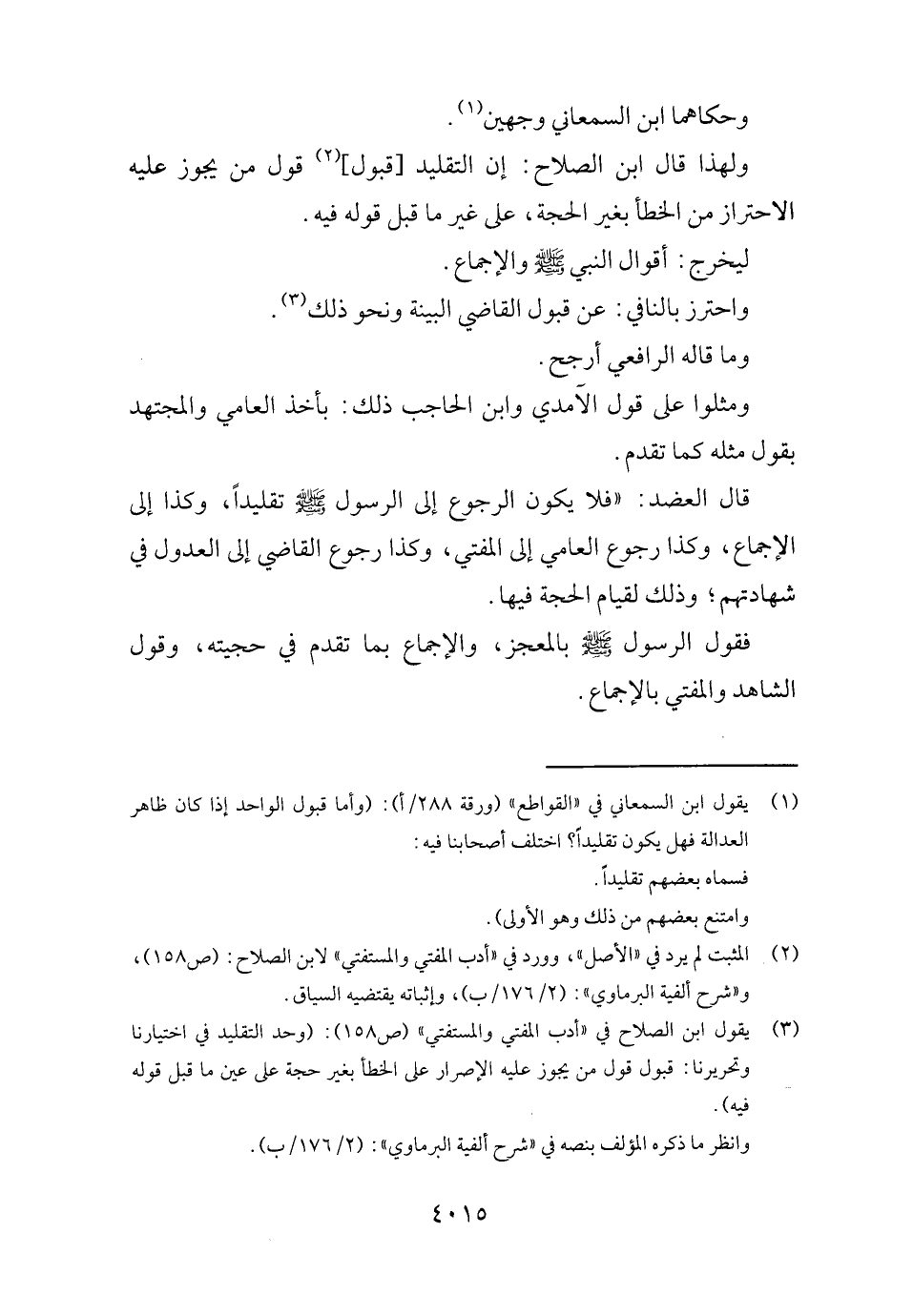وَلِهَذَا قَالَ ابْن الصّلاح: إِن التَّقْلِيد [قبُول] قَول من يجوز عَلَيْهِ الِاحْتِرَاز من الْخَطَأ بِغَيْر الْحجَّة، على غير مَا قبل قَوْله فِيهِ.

...

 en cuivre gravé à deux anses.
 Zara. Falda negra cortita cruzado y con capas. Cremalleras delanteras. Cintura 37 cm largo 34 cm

* * *

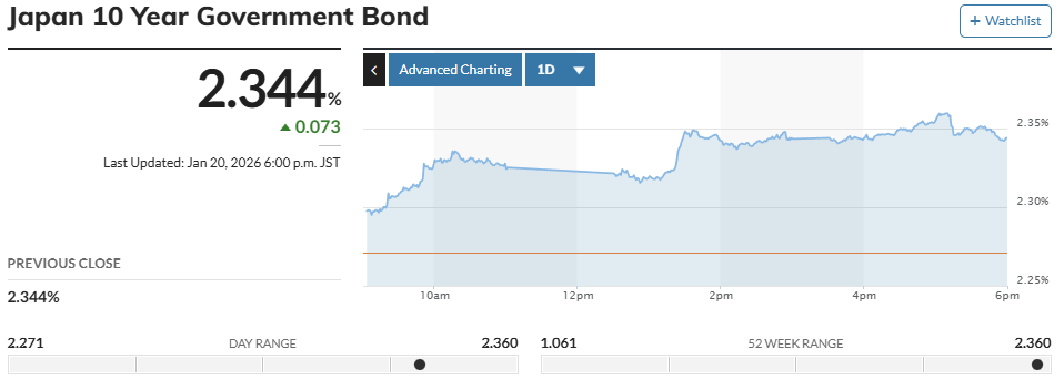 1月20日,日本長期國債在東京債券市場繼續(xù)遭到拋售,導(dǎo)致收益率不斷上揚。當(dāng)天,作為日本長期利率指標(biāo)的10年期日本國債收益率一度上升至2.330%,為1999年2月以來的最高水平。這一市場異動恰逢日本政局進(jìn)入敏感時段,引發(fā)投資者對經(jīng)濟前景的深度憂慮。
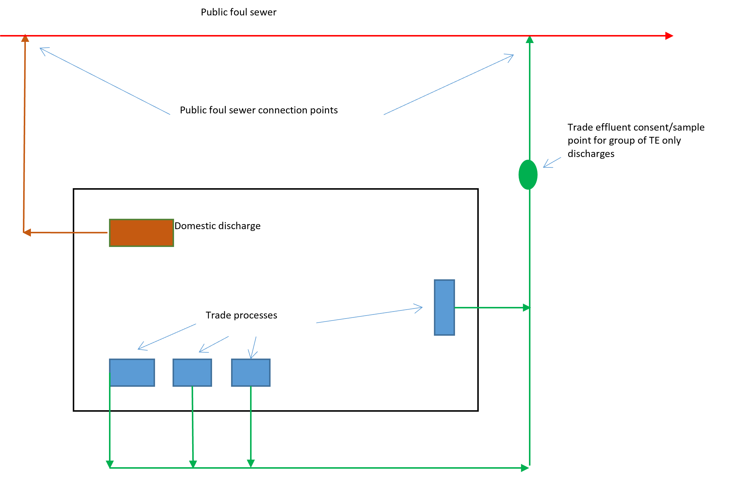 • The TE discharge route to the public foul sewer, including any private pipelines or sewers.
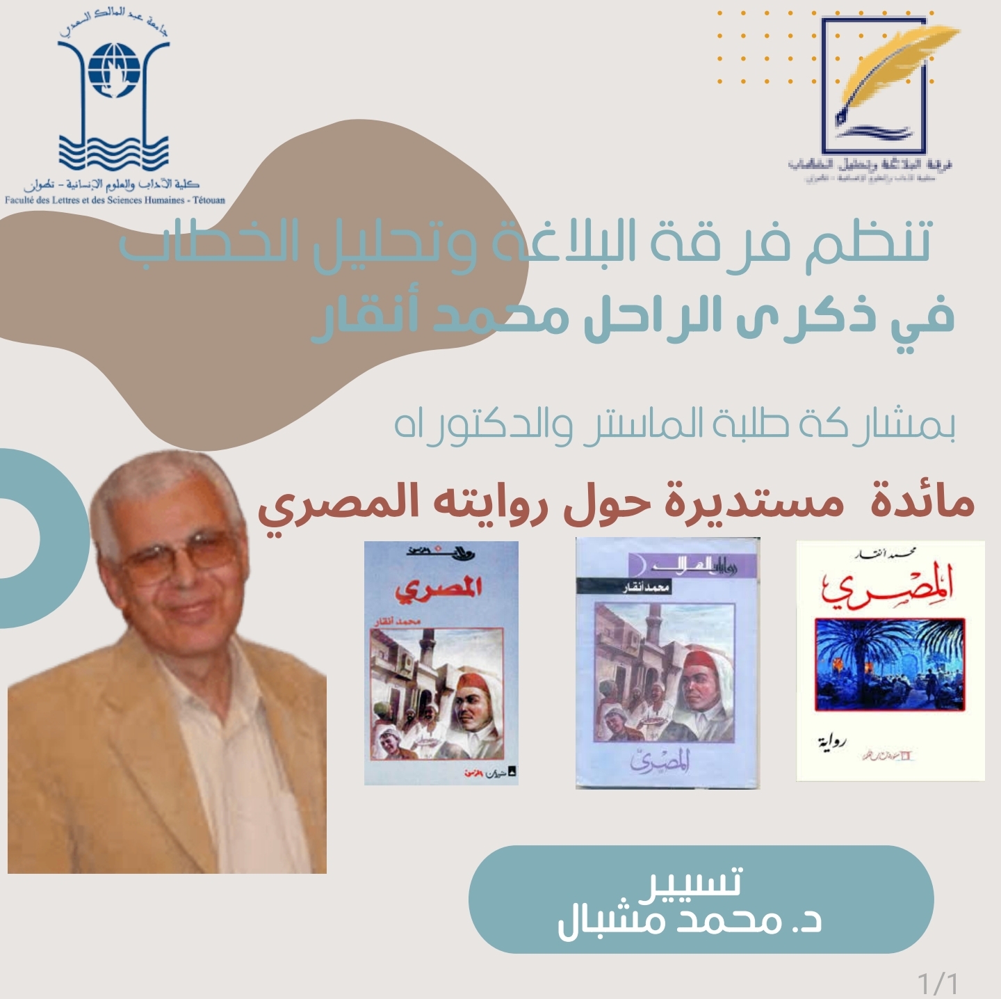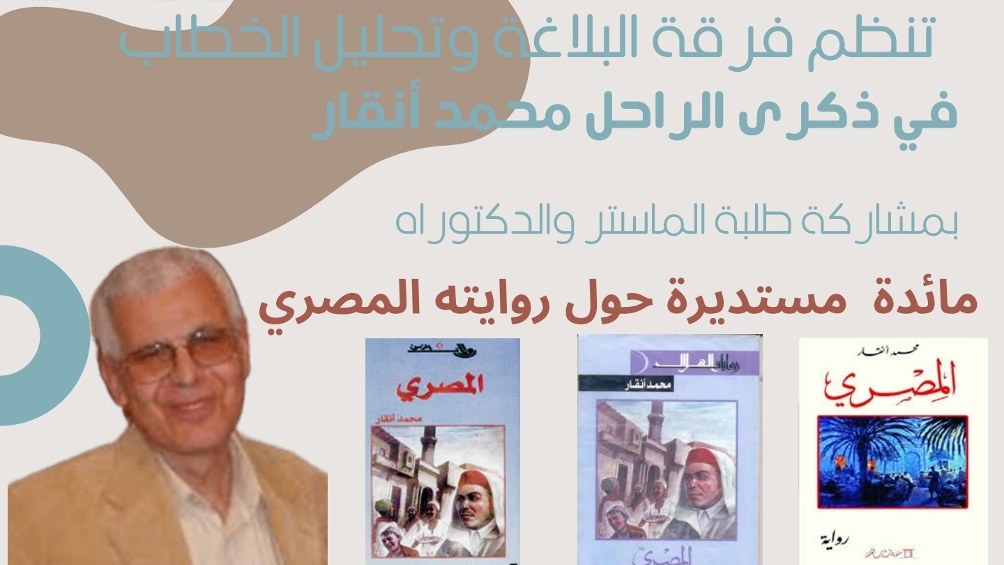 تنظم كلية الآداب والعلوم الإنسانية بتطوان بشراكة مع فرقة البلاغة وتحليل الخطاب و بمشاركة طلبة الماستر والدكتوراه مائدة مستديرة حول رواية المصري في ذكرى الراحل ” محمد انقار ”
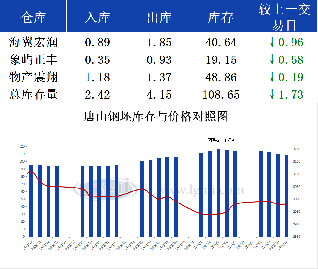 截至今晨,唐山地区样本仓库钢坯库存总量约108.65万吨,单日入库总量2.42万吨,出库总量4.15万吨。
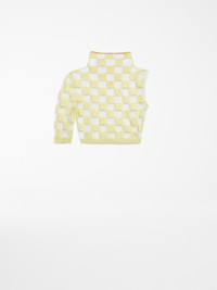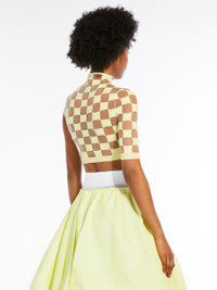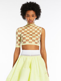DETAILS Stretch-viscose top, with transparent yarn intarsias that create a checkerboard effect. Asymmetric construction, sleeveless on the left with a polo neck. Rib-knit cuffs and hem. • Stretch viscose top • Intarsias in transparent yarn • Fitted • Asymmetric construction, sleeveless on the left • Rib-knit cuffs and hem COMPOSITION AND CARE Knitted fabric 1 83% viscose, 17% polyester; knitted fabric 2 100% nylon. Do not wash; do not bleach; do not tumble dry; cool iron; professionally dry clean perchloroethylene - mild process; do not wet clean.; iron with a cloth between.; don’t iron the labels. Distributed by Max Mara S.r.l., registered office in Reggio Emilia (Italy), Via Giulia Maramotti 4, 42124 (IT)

*Task to carry out*: Your task is to copy only the lines above starting at the one containing "截至今晨,唐山地区样本仓库钢" and ending at the one containing "DETAILS Stretch-viscose top, with". Copy them exactly, both ends included, and omit the pictures.

*Reply*:
 截至今晨,唐山地区样本仓库钢坯库存总量约108.65万吨,单日入库总量2.42万吨,出库总量4.15万吨。
DETAILS Stretch-viscose top, with transparent yarn intarsias that create a checkerboard effect. Asymmetric construction, sleeveless on the left with a polo neck. Rib-knit cuffs and hem. • Stretch viscose top • Intarsias in transparent yarn • Fitted • Asymmetric construction, sleeveless on the left • Rib-knit cuffs and hem COMPOSITION AND CARE Knitted fabric 1 83% viscose, 17% polyester; knitted fabric 2 100% nylon. Do not wash; do not bleach; do not tumble dry; cool iron; professionally dry clean perchloroethylene - mild process; do not wet clean.; iron with a cloth between.; don’t iron the labels. Distributed by Max Mara S.r.l., registered office in Reggio Emilia (Italy), Via Giulia Maramotti 4, 42124 (IT)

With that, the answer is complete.